Group t-test or Chi-square test based on the summary data

Sometimes, the only data we have is the summary data (mean, standard deviation, # of subjects). Can we use the summary data (instead of the raw data) to calculate the statistical and p-values?

Yes, we can.

Below is an example for group t-test. I illustrate two methods for calculating the p-values based on the summary data.

In the method 1, we will use the SAS procedure PROC TTEST. The only trick thing is to enter the summary data in a data set with an SAS internal variable _STAT_ for the indicator of the summary statistics.
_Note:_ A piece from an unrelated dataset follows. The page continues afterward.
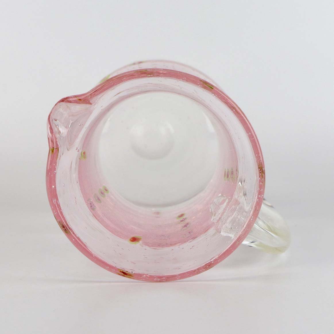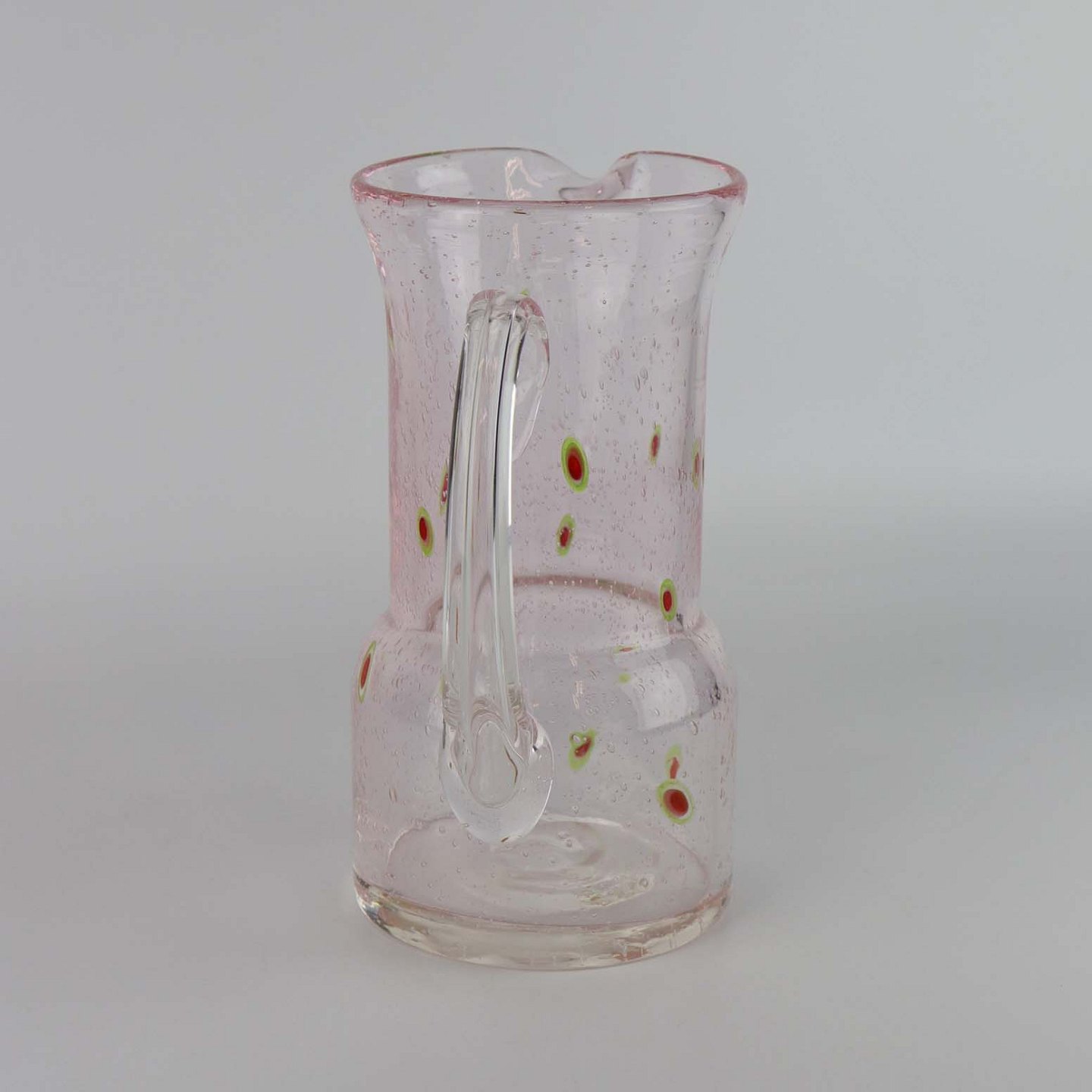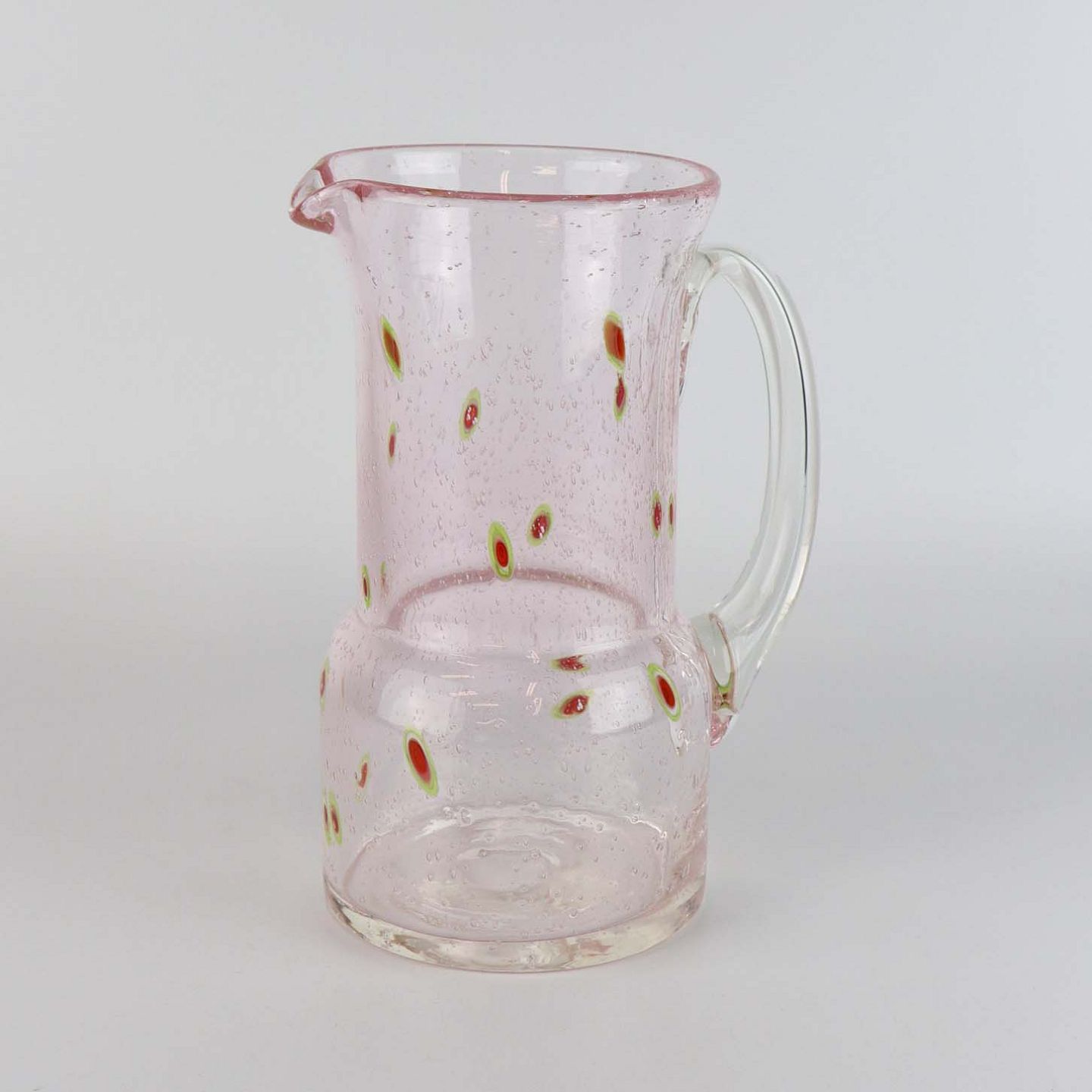 Vandkande i klart lyserødt glas med boblemønster samt grønne og røde ovale motiver
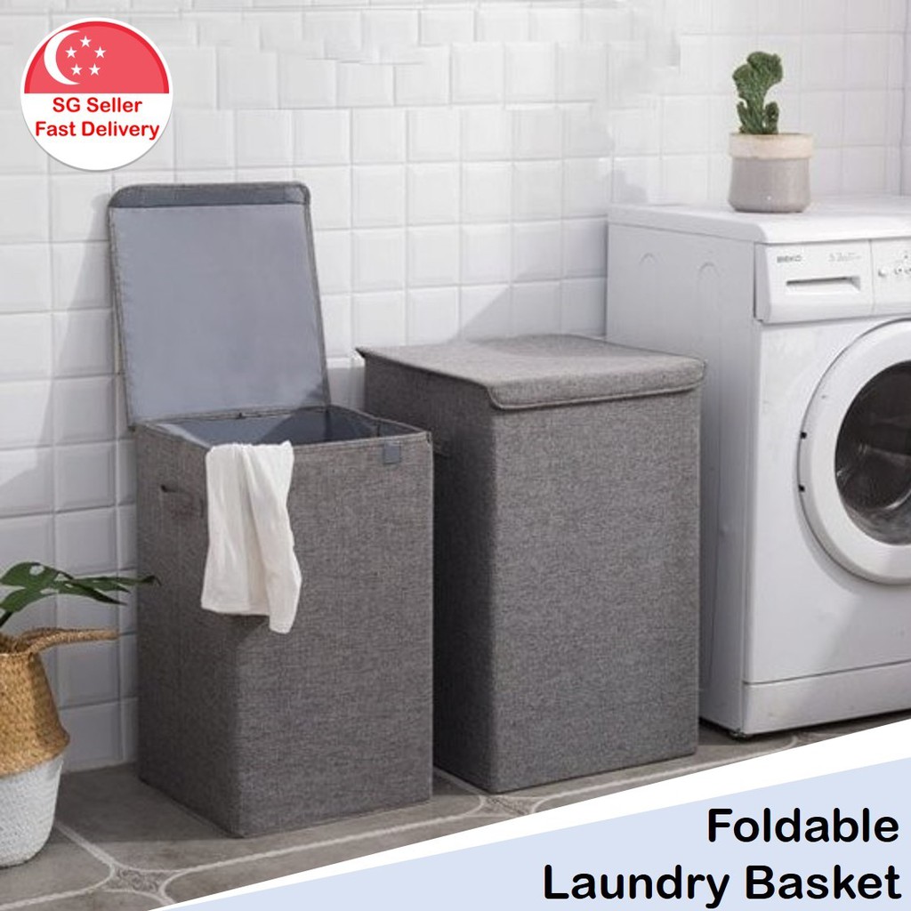Sawake Laundry Basket With Lid Large Linen Collapsible Laundry Hamper With Handles Waterproof Lining Detachable Brackets Dirty Clothes Hamper For Bathroom Bedroom Dorm Nursery Organization Grey Amazon Sg Home

The program below is self-explanatory.

data summary;
length _stat_ $4;
input week $ _STAT_ $ value@@;
datalines;
w1 n 7
w1 mean -2.6
w1 std 1.13
w2 n 5
w2 mean -1.2
w6 std 0.45
;
proc print;run;
proc ttest data=summary;
class week;
var value;
run;



Another way is to use the formula.


The correct formula for calculating the t value for group t-test is shown on the right side Where m=0 with degree freedom of n1+n2-2. To compare means from two independent samples with n1 and n2 observations to a value m, this formula can also be used.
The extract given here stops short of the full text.